### [RECORDS FOR THIS TASK]
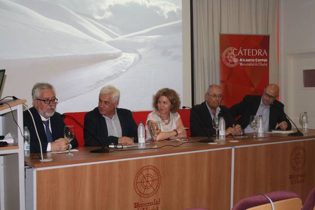 A la presentación del curso han acudido la doctora Regla Fernández, vicerrectora de Estudios e Internacionalización; el director general de Metalurgia de Atlantic Copper, Miguel Palacios; el doctor Ignacio Moreno-Ventas, director de la Cátedra Atlantic Copper; Guillermo Ríos, director de Innovación y Tecnología de Atlantic Copper y Antonio de la Vega, director general de la Fundación Atlantic Copper.
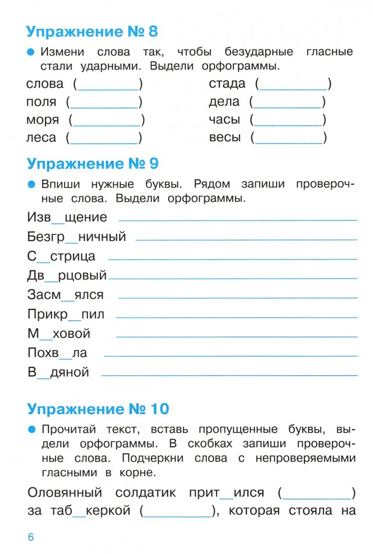 Этот тренажёр предназначен для формирования и закрепления навыков правописания слов с проверяемыми и непроверяемыми безударными гласными в корне. Выполняя упражнения, ребёнок разовьёт способность легко находить в словах орфограммы и подбирать соответствующие правила. Для тренировки навыков нахождения орфограмм в пособии представлены разнообразные упражнения: списывание слов с расстановкой пропущенных букв, нахождение в тексте слов с нужной орфограммой, расстановка пропущенных букв с помощью подбора однокоренных слов, исправление в словах ошибок.
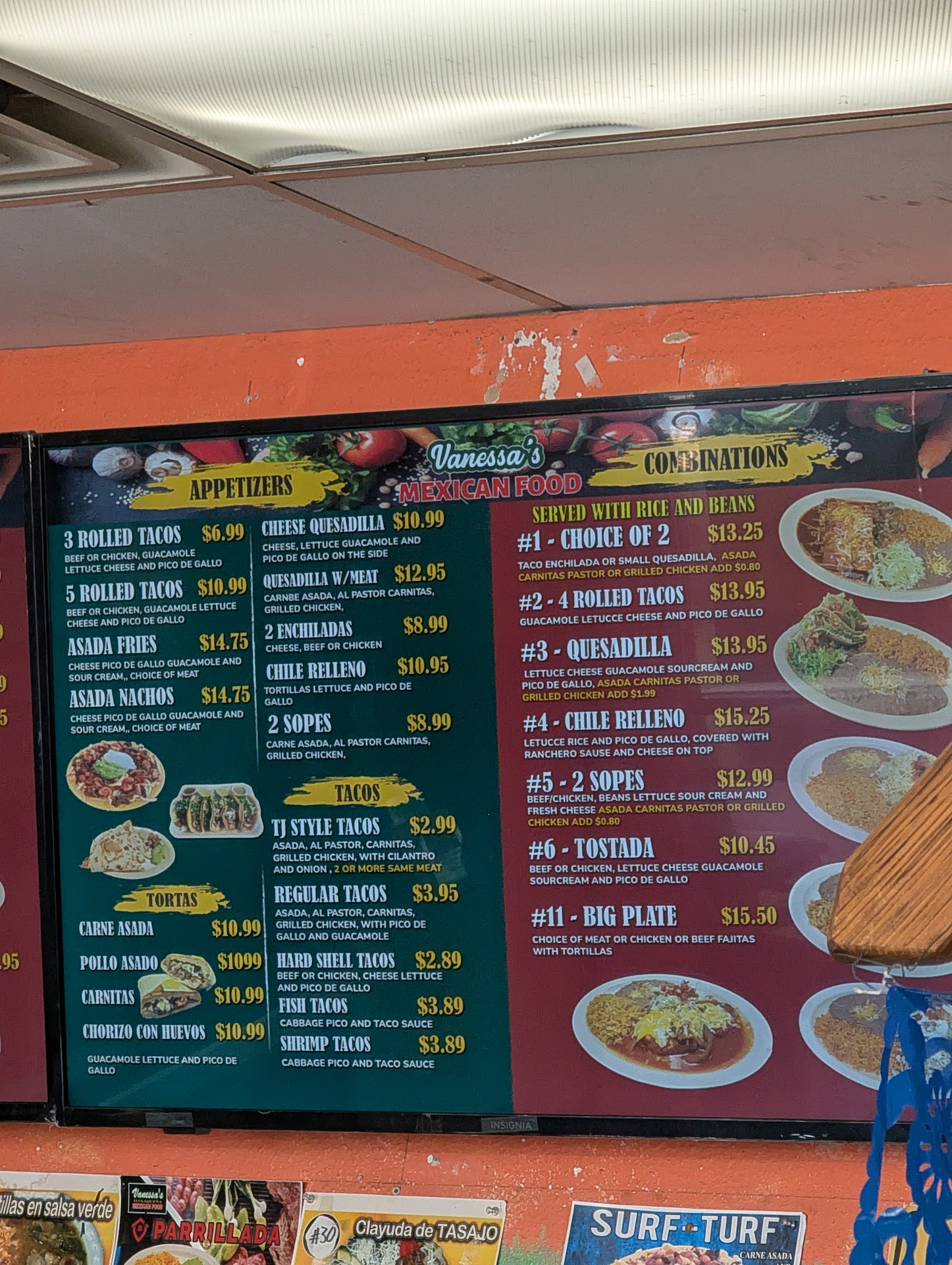 Almost $15 for a small rolled taco plate and a water. Portions were skimpy. Everything was super bland. It’s like they just fried frozen microwave food and slapped canned refried beans on the plate. No flavor.. and I don’t mean they lightly seasoned.. there was NO flavor. Not even salt!
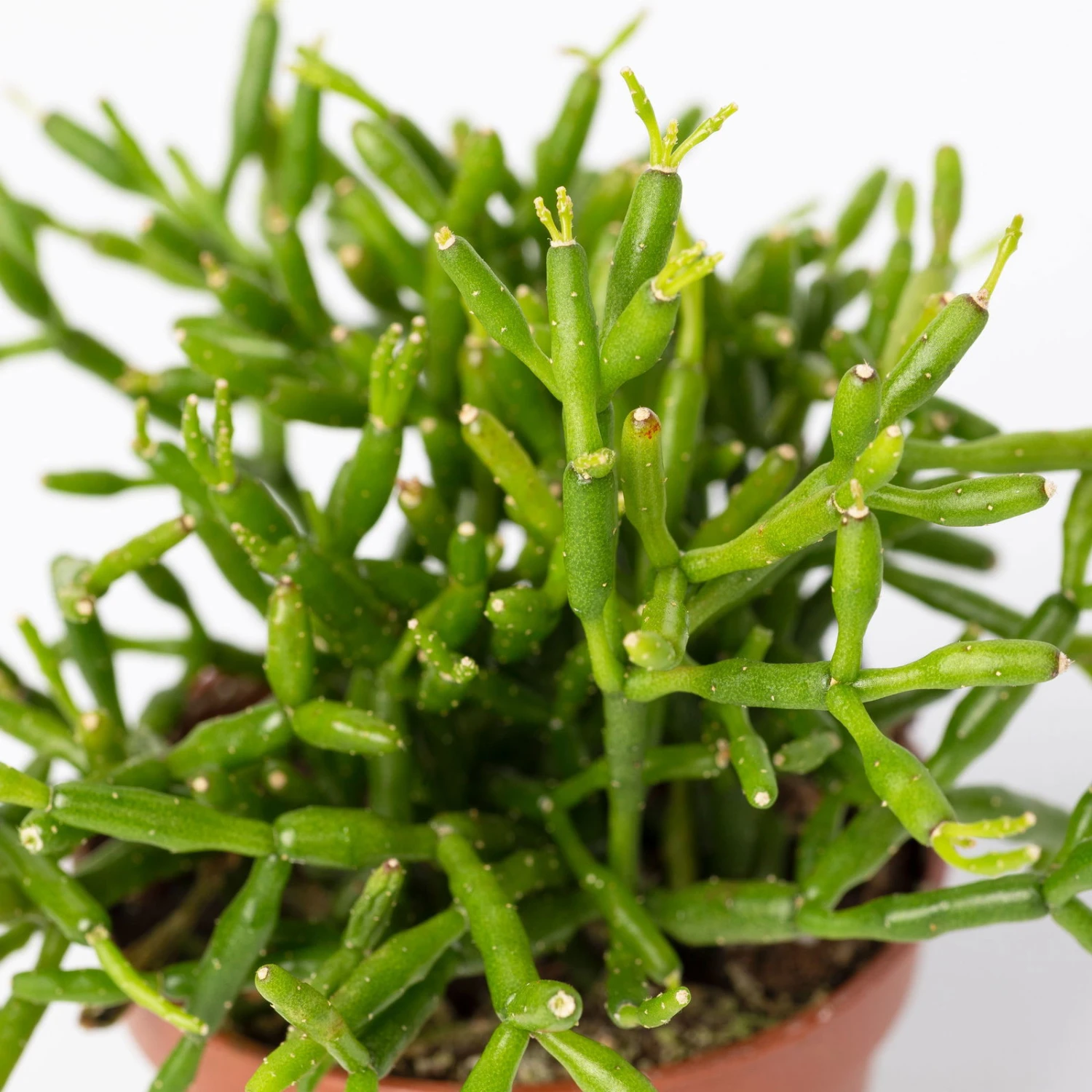 Falls Sie nach einer exotischen Begrünung für Ihr Zuhause suchen, dann bietet sich unser Mini-Korallenkaktus-Set (Rhipsalis) in formschönen Dekotöpfen mit dem abstrakten Wuchs geradezu an. Diese kaktusartigen Zimmerpflanzen sind ausgesprochen pflegeleicht und zeigen eine hohe Toleranz in Hinblick auf die Wassergaben. Lassen Sie das Substrat gründlich antrocknen, bevor Sie den Korallenkaktus wieder gießen. Eine gute Drainage ist für die Pflanzengesundheit entscheidend, daher eignet sich Kakteenerde für die Pflege der Pflanzen am besten. Die Pflanzen brauchen das ganze Jahr über konstante Wärme, sodass die Raumtemperaturen nicht unter 20 Grad Celsius fallen dürfen. In der kalten Jahreszeit sollte zusätzlich auf einen Standort abseits von trockener Heizungsluft geachtet werden.
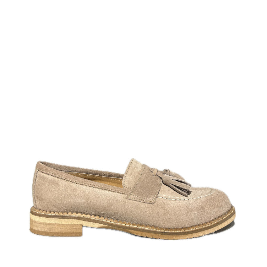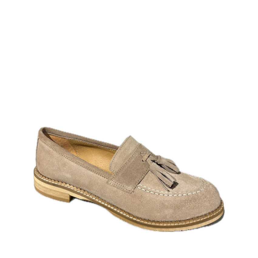 Tonalità neutra, stile intramontabile: questo mocassino in morbido camoscio color visone è un perfetto equilibrio tra raffinatezza e praticità. Le nappine decorative sulla parte frontale aggiungono un tocco classico a un modello pensato per chi ama la sobrietà con carattere.
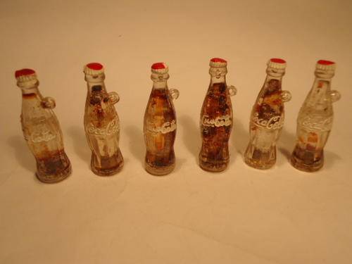 The item on display are a Coca Cola - A veriety of Miniature Coke Bottles in good condition. 1 x 5.8cm Coke Bottle, 6 x 4.5cm Coke Bottles with eye lid to fit onto key ring and 1 x 4cmLead Coke bottle, unfortunately the eye lid to fit on key ring is broken off.
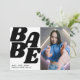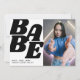 Una forma creativa de celebrar el cumpleaños de una adolescente es incluir una foto de tu hija en la invitación, con un dicho como 'BABE' en una tipografía moderna y negrita. La parte trasera de la invitación puede tener una sencilla plantilla de texto en blanco y negro con todos los detalles sobre la fiesta. Esta combinación de un dicho divertido con una foto de la cumpleañera permite a los invitados saber inmediatamente a quién está dirigida la invitación, con un toque moderno que seguramente causará impacto.
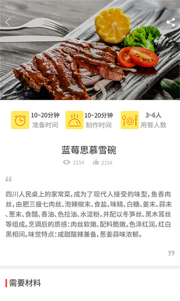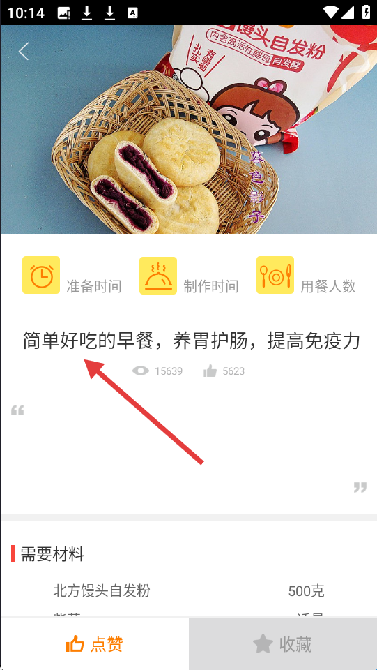 3、菜谱页面呈现美食图片,标注准备和制作时间等,有食材明细,如北方馒头自发粉等下方有点赞和收藏功能。
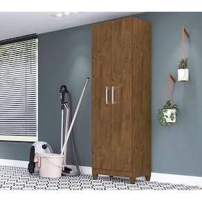 Características Estrutura em MDP de 12mm. Pintura em acabamento UV. 02 Portas articuladas com dobradiças metálicas. Puxadores na cor bronze. Prateleiras internas com amplo espaço. Cantoneira de metal para fixação na parede. Pés em PVC.
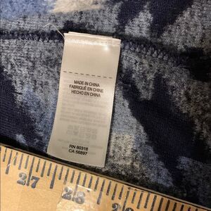 This Lucky Brand cardigan features a striking geometric pattern in shades of blue and gray, offering a unique and stylish look. The design showcases a blend of diamond shapes with a vintage-inspired distressed finish, perfect for adding a touch of sophistication to any outfit. Crafted for comfort and style, this cardigan is an ideal layering piece for cooler days. Like new condition & smoke free/pet free home. See ALL photos for complete description/details.
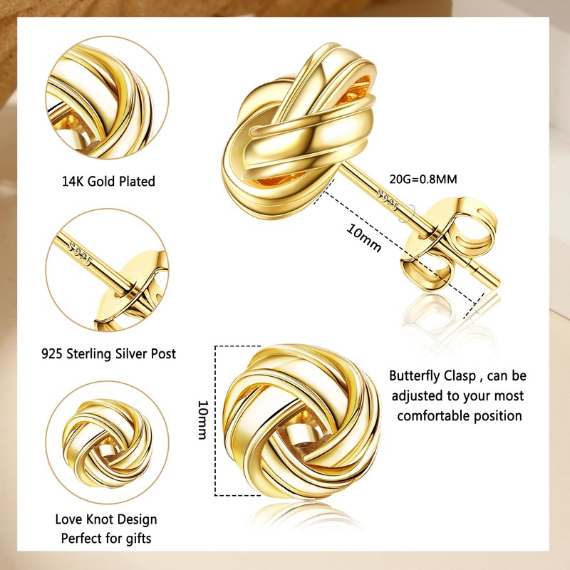 - High Quality Material: Love Knot Earrings Are Made Of 925 Sterling Silver Post And 14K Gold Plated To Ensure Long-Lasting Color Retention. Highly Polished, Durable, Smooth Surface, Nickel-Free, Lead-Free, Hypoallergenic, Especially Suitable For Sensitive Ears
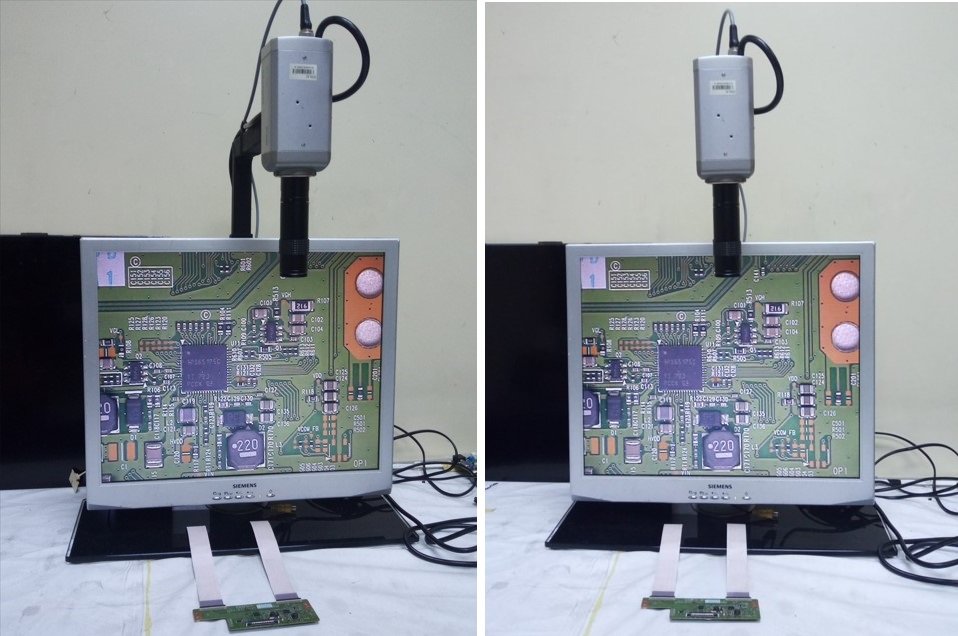Na slici ispod se vidi stolarski metar ispod kamere. Na monitoru je 1 cm realni prikazan kao 20 cm (ovo je slika sa drugim objektivom). Ovdje nema digitalnih zoomova. Monitor prikazuje ono što dobije.
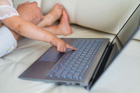 Little girl and caring father are watching cartoons on a laptop while lying on the couch at home. A man shows his little daughter photographs on a computer. Beloved daddy.
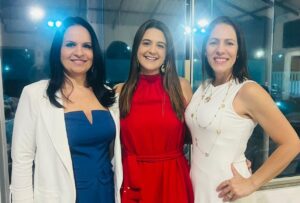 Bruna Della Vechia a primeira dama Aciva com Eloana Casagrande e Cristina (diretoria) na celebração de fim de ano Aciva.
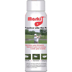 Increase Your Distance - Increase Your Accuracy Markit is a revolutionary spray which when applied to a clubface will indicate the impact position of the ball, and reveal the clubface position at the moment of impact. Markit allows golfers to see slight flaws in the clubface position at impact and helps the player to make swing corrections. Proper contact is essential for higher accuracy, longer distance and lower scores. Markit's unique characteristics allows golfer to see an extremely precise "dimple density pattern" even when used at a clubhead speed of 150 mph. Precise dimple patterns on the clubface will reveal one of the nine basic flight paths of the ball helping golfers to groove their swing, or when learning to shape their shots. Markit can also provide golfers with important feedback when used in putting.
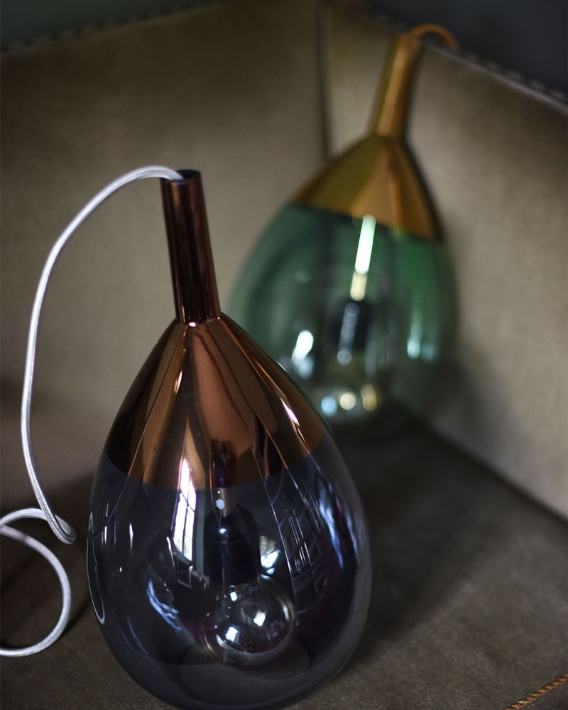 De mange smukke glas- og metalfarver giver et flot udtryk som kan indpasses i ethvert hjem. Den stilfulde lampe tager sig flot ud uanset om den bruges alene, i sæt eller i klynger med forskellige størrelser og/eller farver.
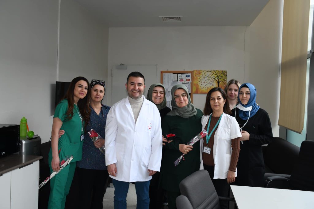 Başhekim Mustafa Kozan ve Sağlık Bakım Hizmetleri Müdürü Tinel, hastanede poliklinik ve servislerde görev yapan kadın sağlık çalışanlarını ziyaret ederek karanfil takdim ederek günlerini kutladı.
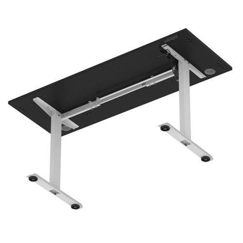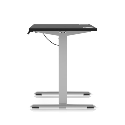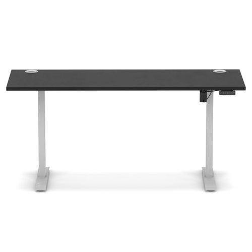 Air Lite 1600 x 600mm Height Adjustable Office Desk Black Top Cable Ports Silver Leg

### [TASK PROMPT]
Return the material in full and unaltered, minus its pictures.

### [RESPONSE TO THIS EXERCISE]
 A la presentación del curso han acudido la doctora Regla Fernández, vicerrectora de Estudios e Internacionalización; el director general de Metalurgia de Atlantic Copper, Miguel Palacios; el doctor Ignacio Moreno-Ventas, director de la Cátedra Atlantic Copper; Guillermo Ríos, director de Innovación y Tecnología de Atlantic Copper y Antonio de la Vega, director general de la Fundación Atlantic Copper.
 Этот тренажёр предназначен для формирования и закрепления навыков правописания слов с проверяемыми и непроверяемыми безударными гласными в корне. Выполняя упражнения, ребёнок разовьёт способность легко находить в словах орфограммы и подбирать соответствующие правила. Для тренировки навыков нахождения орфограмм в пособии представлены разнообразные упражнения: списывание слов с расстановкой пропущенных букв, нахождение в тексте слов с нужной орфограммой, расстановка пропущенных букв с помощью подбора однокоренных слов, исправление в словах ошибок.
 Almost $15 for a small rolled taco plate and a water. Portions were skimpy. Everything was super bland. It’s like they just fried frozen microwave food and slapped canned refried beans on the plate. No flavor.. and I don’t mean they lightly seasoned.. there was NO flavor. Not even salt!
 Falls Sie nach einer exotischen Begrünung für Ihr Zuhause suchen, dann bietet sich unser Mini-Korallenkaktus-Set (Rhipsalis) in formschönen Dekotöpfen mit dem abstrakten Wuchs geradezu an. Diese kaktusartigen Zimmerpflanzen sind ausgesprochen pflegeleicht und zeigen eine hohe Toleranz in Hinblick auf die Wassergaben. Lassen Sie das Substrat gründlich antrocknen, bevor Sie den Korallenkaktus wieder gießen. Eine gute Drainage ist für die Pflanzengesundheit entscheidend, daher eignet sich Kakteenerde für die Pflege der Pflanzen am besten. Die Pflanzen brauchen das ganze Jahr über konstante Wärme, sodass die Raumtemperaturen nicht unter 20 Grad Celsius fallen dürfen. In der kalten Jahreszeit sollte zusätzlich auf einen Standort abseits von trockener Heizungsluft geachtet werden.
 Tonalità neutra, stile intramontabile: questo mocassino in morbido camoscio color visone è un perfetto equilibrio tra raffinatezza e praticità. Le nappine decorative sulla parte frontale aggiungono un tocco classico a un modello pensato per chi ama la sobrietà con carattere.
 The item on display are a Coca Cola - A veriety of Miniature Coke Bottles in good condition. 1 x 5.8cm Coke Bottle, 6 x 4.5cm Coke Bottles with eye lid to fit onto key ring and 1 x 4cmLead Coke bottle, unfortunately the eye lid to fit on key ring is broken off.
 Una forma creativa de celebrar el cumpleaños de una adolescente es incluir una foto de tu hija en la invitación, con un dicho como 'BABE' en una tipografía moderna y negrita. La parte trasera de la invitación puede tener una sencilla plantilla de texto en blanco y negro con todos los detalles sobre la fiesta. Esta combinación de un dicho divertido con una foto de la cumpleañera permite a los invitados saber inmediatamente a quién está dirigida la invitación, con un toque moderno que seguramente causará impacto.
 3、菜谱页面呈现美食图片,标注准备和制作时间等,有食材明细,如北方馒头自发粉等下方有点赞和收藏功能。
 Características Estrutura em MDP de 12mm. Pintura em acabamento UV. 02 Portas articuladas com dobradiças metálicas. Puxadores na cor bronze. Prateleiras internas com amplo espaço. Cantoneira de metal para fixação na parede. Pés em PVC.
 This Lucky Brand cardigan features a striking geometric pattern in shades of blue and gray, offering a unique and stylish look. The design showcases a blend of diamond shapes with a vintage-inspired distressed finish, perfect for adding a touch of sophistication to any outfit. Crafted for comfort and style, this cardigan is an ideal layering piece for cooler days. Like new condition & smoke free/pet free home. See ALL photos for complete description/details.
 - High Quality Material: Love Knot Earrings Are Made Of 925 Sterling Silver Post And 14K Gold Plated To Ensure Long-Lasting Color Retention. Highly Polished, Durable, Smooth Surface, Nickel-Free, Lead-Free, Hypoallergenic, Especially Suitable For Sensitive Ears
Na slici ispod se vidi stolarski metar ispod kamere. Na monitoru je 1 cm realni prikazan kao 20 cm (ovo je slika sa drugim objektivom). Ovdje nema digitalnih zoomova. Monitor prikazuje ono što dobije.
 Little girl and caring father are watching cartoons on a laptop while lying on the couch at home. A man shows his little daughter photographs on a computer. Beloved daddy.
 Bruna Della Vechia a primeira dama Aciva com Eloana Casagrande e Cristina (diretoria) na celebração de fim de ano Aciva.
 Increase Your Distance - Increase Your Accuracy Markit is a revolutionary spray which when applied to a clubface will indicate the impact position of the ball, and reveal the clubface position at the moment of impact. Markit allows golfers to see slight flaws in the clubface position at impact and helps the player to make swing corrections. Proper contact is essential for higher accuracy, longer distance and lower scores. Markit's unique characteristics allows golfer to see an extremely precise "dimple density pattern" even when used at a clubhead speed of 150 mph. Precise dimple patterns on the clubface will reveal one of the nine basic flight paths of the ball helping golfers to groove their swing, or when learning to shape their shots. Markit can also provide golfers with important feedback when used in putting.
 De mange smukke glas- og metalfarver giver et flot udtryk som kan indpasses i ethvert hjem. Den stilfulde lampe tager sig flot ud uanset om den bruges alene, i sæt eller i klynger med forskellige størrelser og/eller farver.
 Başhekim Mustafa Kozan ve Sağlık Bakım Hizmetleri Müdürü Tinel, hastanede poliklinik ve servislerde görev yapan kadın sağlık çalışanlarını ziyaret ederek karanfil takdim ederek günlerini kutladı.
 Air Lite 1600 x 600mm Height Adjustable Office Desk Black Top Cable Ports Silver Leg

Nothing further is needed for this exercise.